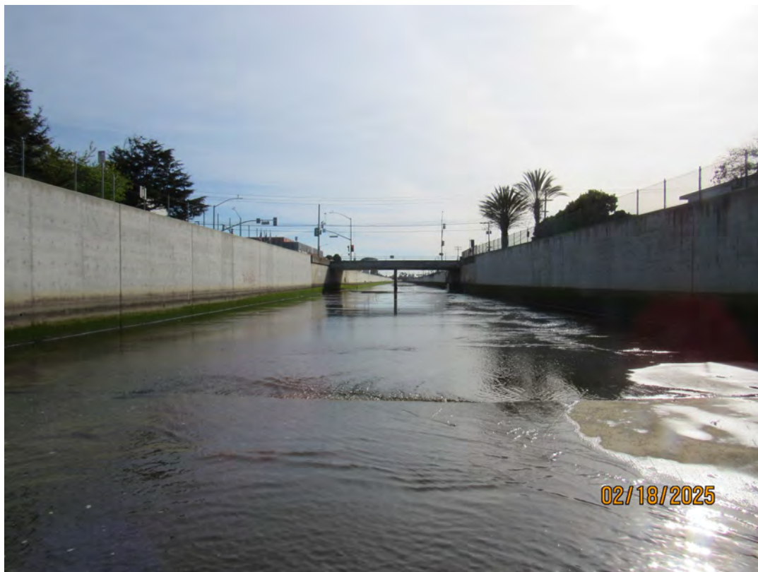
Photos 21 & 22 – Top photo shows Colma Creek looking upstream from dissipater teeth. Bottom photo shows Colma Creek looking downstream from dissipater teeth at Spruce Avenue bridge.
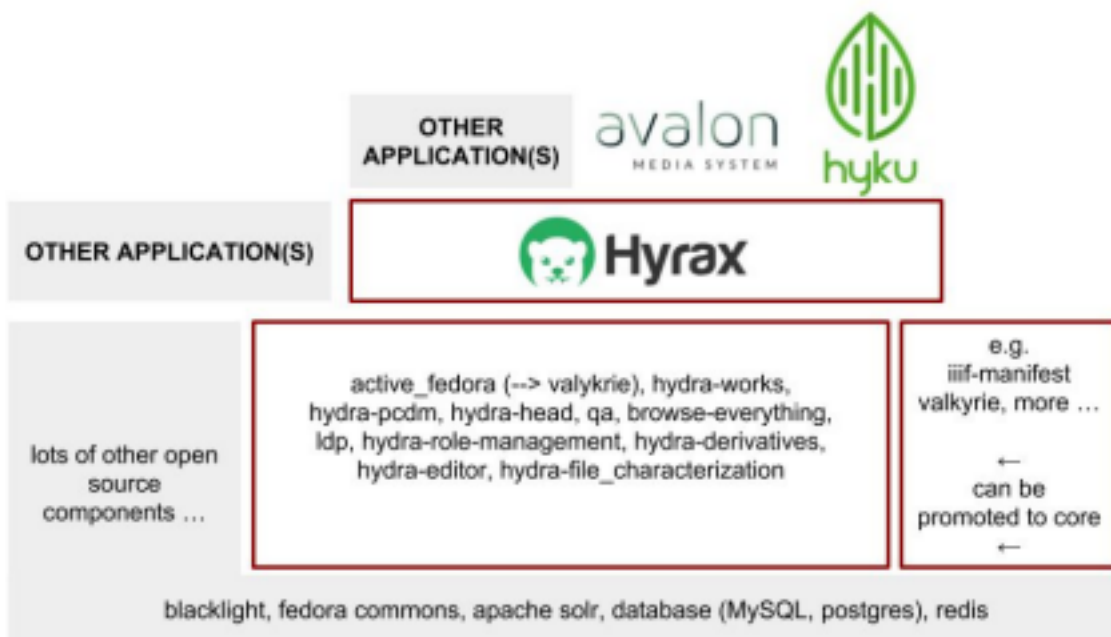
Figure two: the anatomy of a Samvera application, exploded
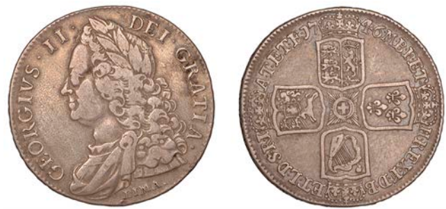
87 Crown, 1746 LIMA, old head, edge DECIMO NONO (ESC 1668; S 3689). Fine, reverse better
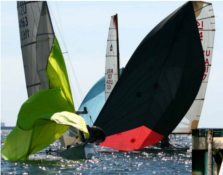
I-14s cross near the leeward gate
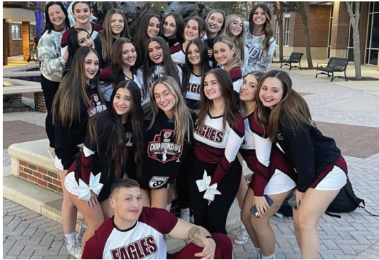
Marjory Stoneman Douglas Cheerleading Squad
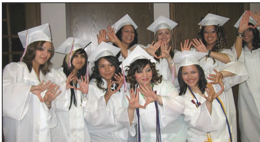
Some of the graduating class of 2010 pose for the camera.
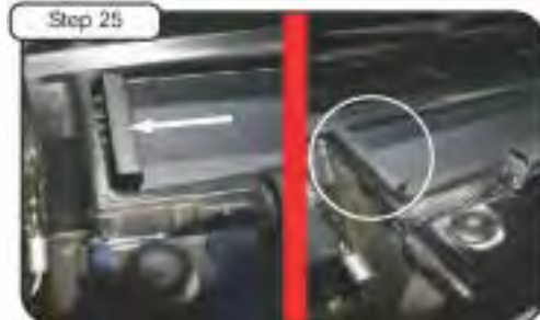
Step 25 Position scoop tab on plastic support as shown. (Repeat for 05-01017 Passenger side D.A.S.)
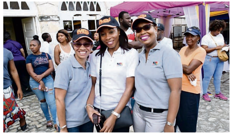
The MBJ team
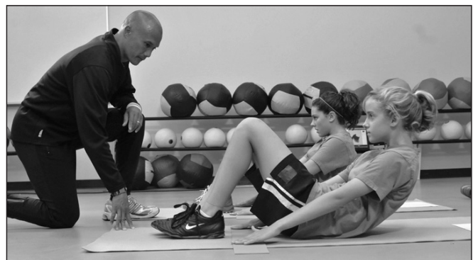
Figure 11. Curl-Up
################
Reproduce every line from the preceding data in which the word "Figure" can be found.

Figure two: the anatomy of a Samvera application, exploded
Figure 11. Curl-Up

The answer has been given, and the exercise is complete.